Ada dua hal yang diterapkan Ridwan di KPM. Pertama, metode seikhlasnya. Prinsip ini berlaku bagi semua murid dan staf pengajar. Tujuannya, kata Ridwan, memberikan ruang yang lebar untuk anak miskin mendapatkan hak pendidikan.
Kedua, metode Matematika nalaria realistik. Dengan metode ini, Ridwan mengedepankan belajar Matematika yang menyenangkan dan tidak fokus pada hafalan. Semua siswa dilatih menggunakan soal-soal yang terkait kehidupan sehari-hari.
Di luar itu, Ridwan juga mewajibkan semua siswa yang beragama Islam untuk mengaji dan mendirikan shalat. Ia ingin membentuk pribadi yang seimbang, yaitu unggul secara akademis dan memiliki kedalaman religius.
"Kadang-kadang saya suka bilang, yang nggak shalat dan ngaji nggak boleh belajar di sini. Akhirnya semua pada shalat," kelakar Ridwan. Tentu saja, itu hanya cara dia mengingatkan para siswa dan mengajak mereka membangun kesadaran.
Paling berkesan, ungkap Ridwan, adalah saat tim dari lembaganya berhasil menorehkan hasil baik pada Junior Balkan Mathematical Olympiad (JBMO) di Turki, beberapa tahun lalu. Dalam kompetisi itu, siswa-siswanya mengalahkan pesaing kuat dari Amerika Serikat dan Rusia dengan mendapatkan dua emas dan dua perunggu.
"Dengan rendah hati, maaf Pak Menteri, kami juga pernah mengalahkan tim dari Kemdikbud (Kementerian Pendidikan dan Kebudayaan) di Olimpiade Matematika," ucap Ridwan malu-malu. Salah satu tamu dalam penghargaan malam itu adalah Menteri Pendidikan dan Kebudayaan M Nuh.
Risiko dan rezeki
Segala hal punya risiko dan konsekuensi logis. Tak terkecuali aktivitas Ridwan. Pada saat bersamaan dia bergelut dengan idealisme dan realitas kehidupan keluarga.
Ridwan sekarang sudah berkeluarga, dengan satu istri dan tiga anak. Putri pertamanya duduk di bangku kelas III SD.
Dengan metode bayar seikhlasnya, Ridwan tentu saja tak dapat berbuat banak. Uang keropak yang dia buka setiap dua pekan sekali kerap hanya habis untuk biaya operasional, termasuk honor karyawan dan staf pengajar.

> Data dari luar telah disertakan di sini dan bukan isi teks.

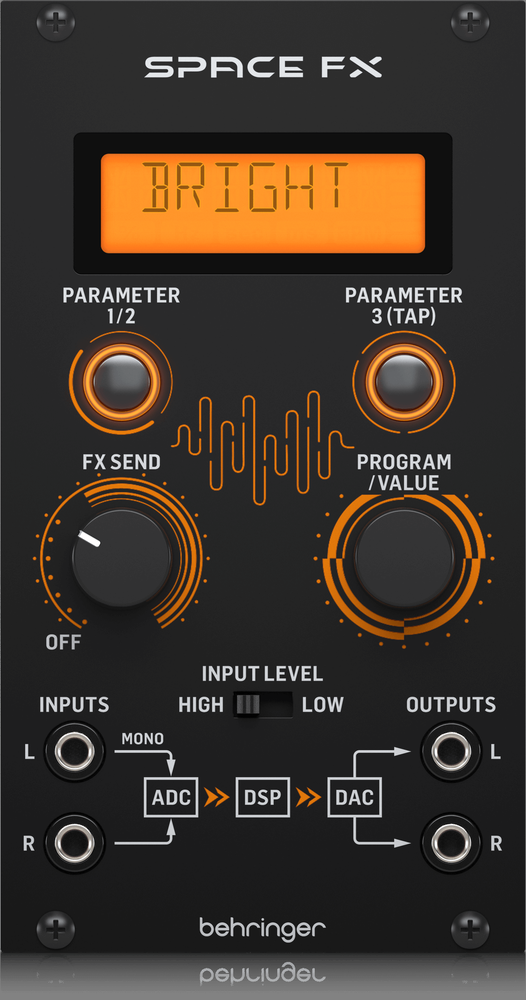 The 80s was the golden age of electronic music. Synthesizers were at their prime and almost every hit song and movie soundtrack at that time had a synth in one form or another. Modular synths have become more and more popular with professionals and enthusiasts over the years and they’re about to get even better. The Behringer SPACE FX is a 24-bit stereo multi-effects module powered by Klark Teknik featuring 32 reverb, delay, modulation, filters and distortion in a compact, rack-mountable synth module. Whether you’re looking to expand your current synth setup or have just started down the rabbit hole, the SPACE FX is a great choice! It comes loaded with 15 reverb effects like room, hall, plate and spring, 8 different delay and modulation effects such as echo, chorus, flanger, phaser and tremolo plus combination effects like delay + reverb and chorus + reverb.
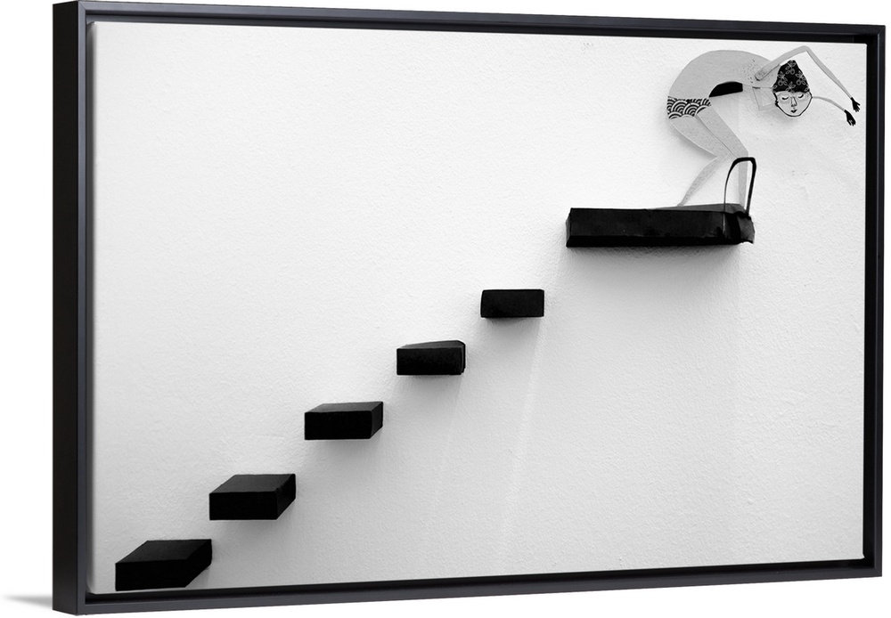 <p>Cut-paper figure of a diver at the top of a staircase on a wall.</p>
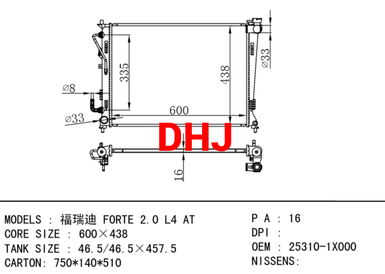 KIA radiator 25310-1X000 福瑞迪 FORTE 2.0 L4 AT/MT
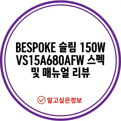 BESPOKE 슬림 150W VS15A680AFW 스펙 및 매뉴얼 리뷰
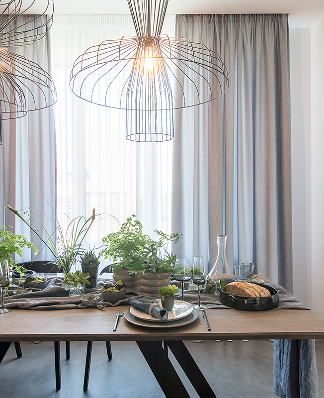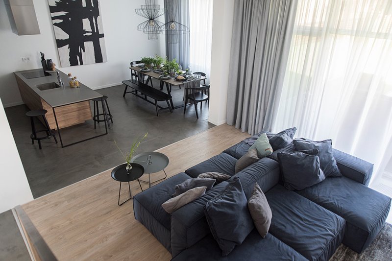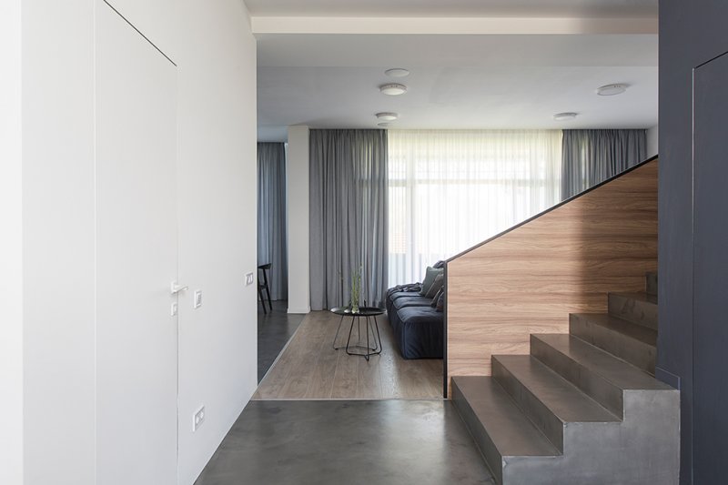 Дизайнер решила использовать минимум аксессуаров, украшением интерьера служат практичные элементы — люстры, лестница, кухонная вытяжка — и разнообразные фактуры, главными из которых стали бетон и древесина. «Для меня этот интерьер — пример того, как можно избежать скучности монохромной гаммы, применяя разные текстуры».
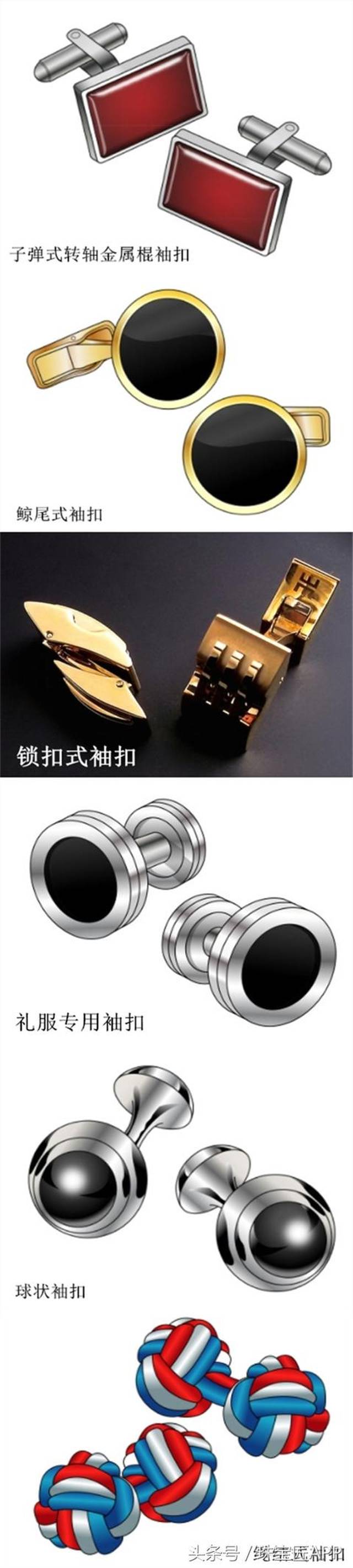 形制方面,袖扣有很多不同的类型,最为古老的就是链条式袖扣,衣品爆好的查尔斯王子就曾佩戴过,除此之外,还有子弹式转轴金属棍袖扣、鲸尾式袖扣、礼服专用袖扣(简称“一个人戴不上袖扣”)、球状袖扣、锁扣式袖扣、绳结式袖扣。
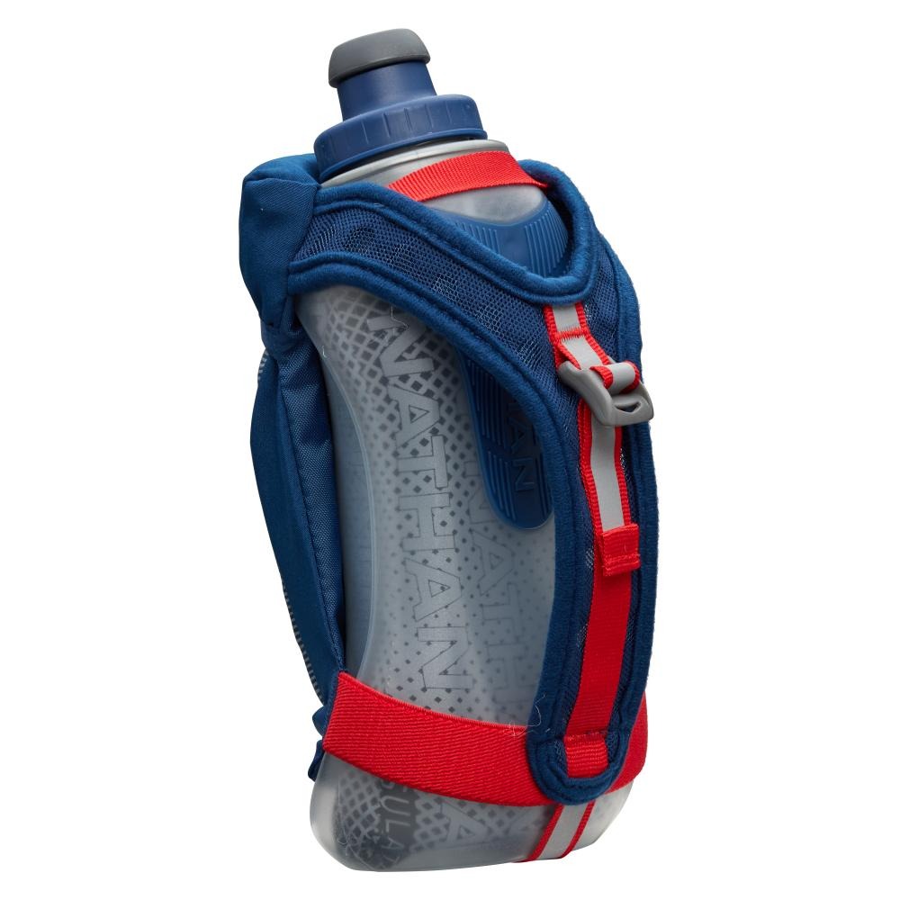 The updated design includes a more secure hand strap system, that utilizes Nathan's grip-free technology, and a softer bottle making it easier to squeeze and control the flow of water. Plus, a TPU grip keeps the bottle in place despite hand sweat.
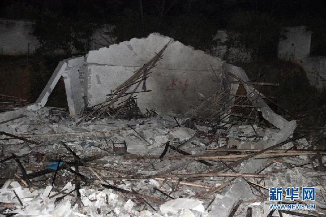 11月1日拍摄的岑溪市三堡镇车河村炮竹厂爆炸事故现场。11月1日16时许,岑溪市三堡镇车河村炮竹厂发生一起爆炸事故。新华社发(马震宇 摄)
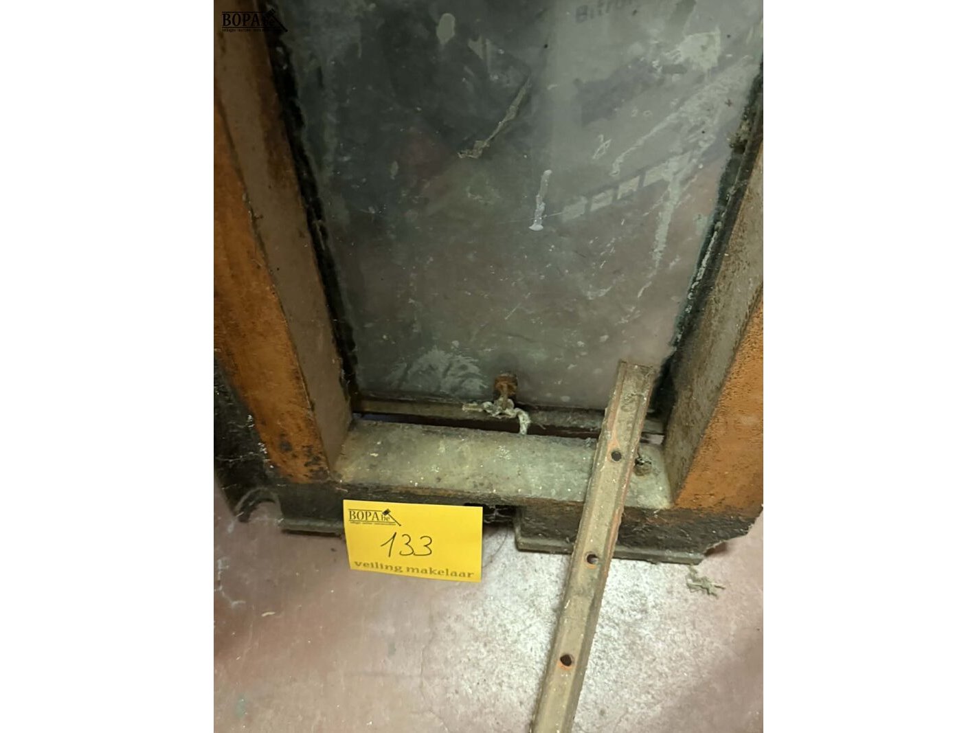 Lot 133 - oud dakraamkozijn in metaal: buitenwand 35*54 binnenwand 24*
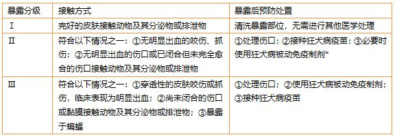 *当判断Ⅱ级暴露者存在严重免疫功能缺陷等影响疫苗免疫效果的因素时,或虽是Ⅱ级暴露但咬伤位于头、面、颈部、手部和外生殖器等神经丰富的部位时,也建议给予狂犬病被动免疫制剂。
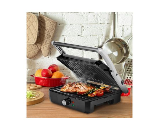 Гриль оснащен термостатом для поддержания температуры панелей, а также индикаторами питания и нагрева. С помощью регулятора температуры вы сможете плавно менять температуру приготовления.
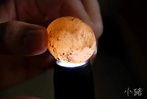 而有受精的蛋因為胚胎血管的發育很明顯可以看的出是紅色 |
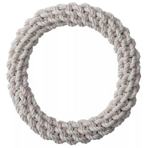 Veľké bavlnené preťahovadlo pre psy veľkých plemien v tvare kruhu je spletené z pevných prírodných povrázkov.
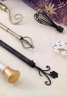 窗簾桿的材料以金屬和木質(zhì)為主,風(fēng)格也各有不同。鐵藝桿頭搭配絲質(zhì)或紗質(zhì)的窗簾,用在臥室中,有剛?cè)岱床顝?qiáng)烈的對比美。而木質(zhì)桿頭,給人以溫潤的飽滿感,使用范圍和搭配風(fēng)格不太受限制,適合于各種功能的居室。
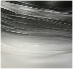 Mesmerizing abstract texture featuring layers of translucent plastic in monochrome tones.

Bukan sekali dua kali, Ridwan mendapati keropak-nya kosong melompong. Tak ada satu pun siswa yang memasukkan uang ke sana. Nombok, tentu saja.
Beruntung, kehidupan rumah tangga Ridwan berjalan harmonis. Kesulitan yang datang silih berganti tak menggoyahkan bahtera tersebut.
Sebagai gambaran, Ridwan berpindah kontrakan sebanyak enam kali sejak pertama mendirikan KPM. Dia memilih pindah kontrakan bila tak punya biaya untuk memperpanjang sewa.
Akhirnya, Ridwan membawa istri dan tiga anak mereka ke rumah orangtuanya di Ciomas, Bogor, Jawa Barat. "Sebenarnya yang lebih pantas dapat penghargaan itu ibu saya atau istri saya," ujar dia.
Ridwan pun bercerita lagi. Pada suatu ketika dia sangat terdesak kebutuhan keluarga. Uang yang dia miliki tak seberapa. Beberapa ikat singkong menjadi solusi untuk mengisi perut keluarga ini.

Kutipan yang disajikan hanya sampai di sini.